Olfa, Eya, and Tayssir are around to tell their side of the story. Ghofrane and Rahma are not, so two actresses, Ichraq Matar and Nour Karoui, respectively, fill their space in the film. They act as inserts in reenactments of sisterly moments, embodying the space they’ve left behind in the present by taking on the depictions of their memory.
Though their presence as actors is not forgotten, a by-proxy bond via the sharing of trauma makes their inclusion effective. When they enter the room to be introduced, the sisters immediately know who will portray each sister, and Olfa is moved to tears.

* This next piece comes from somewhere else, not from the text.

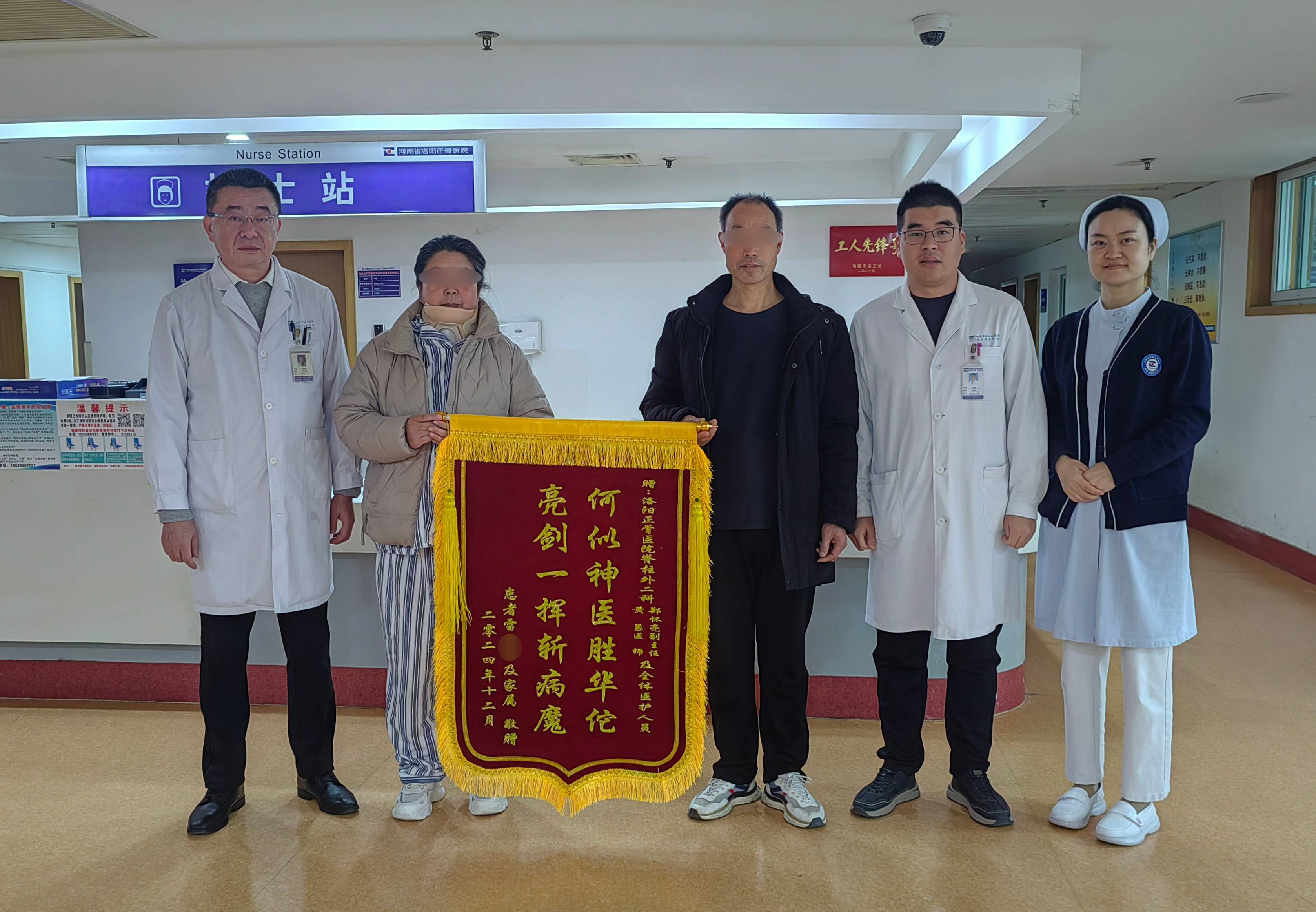 12月10日,脊柱外二科病区发生了感人一幕,患者雷女士满怀感激地将一面锦旗送到了脊柱二科主诊医师郑怀亮和黄勇医师手中,锦旗上写着“何似神医胜华佗,亮剑一挥斩病魔”,简短的话语背后,是一段充满温情与希望的医患故事。
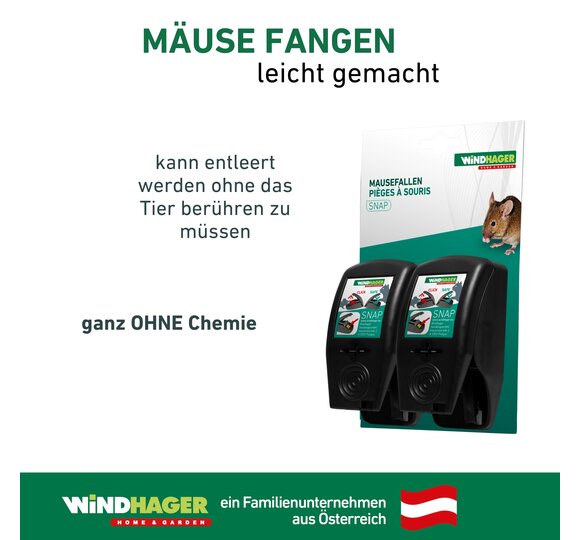 Mäuse und Ratten in Haus, Dachboden oder Schuppen sind eine wahre Plage. Nicht nur unangenehm, sondern auch sehr unhygienisch. Um sie wieder loszuwerden, gibt es verschiedene Möglichkeiten. Ultraschallgeräte, die auch gegen Marder wirken, klassische Mausefallen oder tierfreundliche Lebendfallen. Mit den Windhager Produkten zur Mäuse- und Rattenbekämpfung können Sie sich wieder ganz entspannt in Ihren Räumen bewegen.

Memories of laying in bed together, playing with each other’s hair, and running the gamut of sisterly conversations, like first periods, puberty tales, and boy gossip, feel utterly genuine. It’s a womanly bond playing as a sisterly bond, but the artifice enhances the authenticity of the film’s emotional core. However, the imbalance of impact among the women leaves a lingering question: at what emotional cost are these actors participating?
Actress Hend Sabry is Olfa’s insert, stepping into the story to reenact memories too painful for Olfa herself to embody. Yet many times, when Sabry is performing, Olfa is visible in the background—an omnipresent force in her fictionalized depiction, even stepping in to correct how it’s being told. “Four Daughters” prioritizes empowering its women to take ownership of telling their story while also allowing its actors to participate in it. Sabry will ask questions, challenge Olfa’s iron fist, and even call her out for enforcing certain misogynistic, patriarchal social policies in raising her daughters.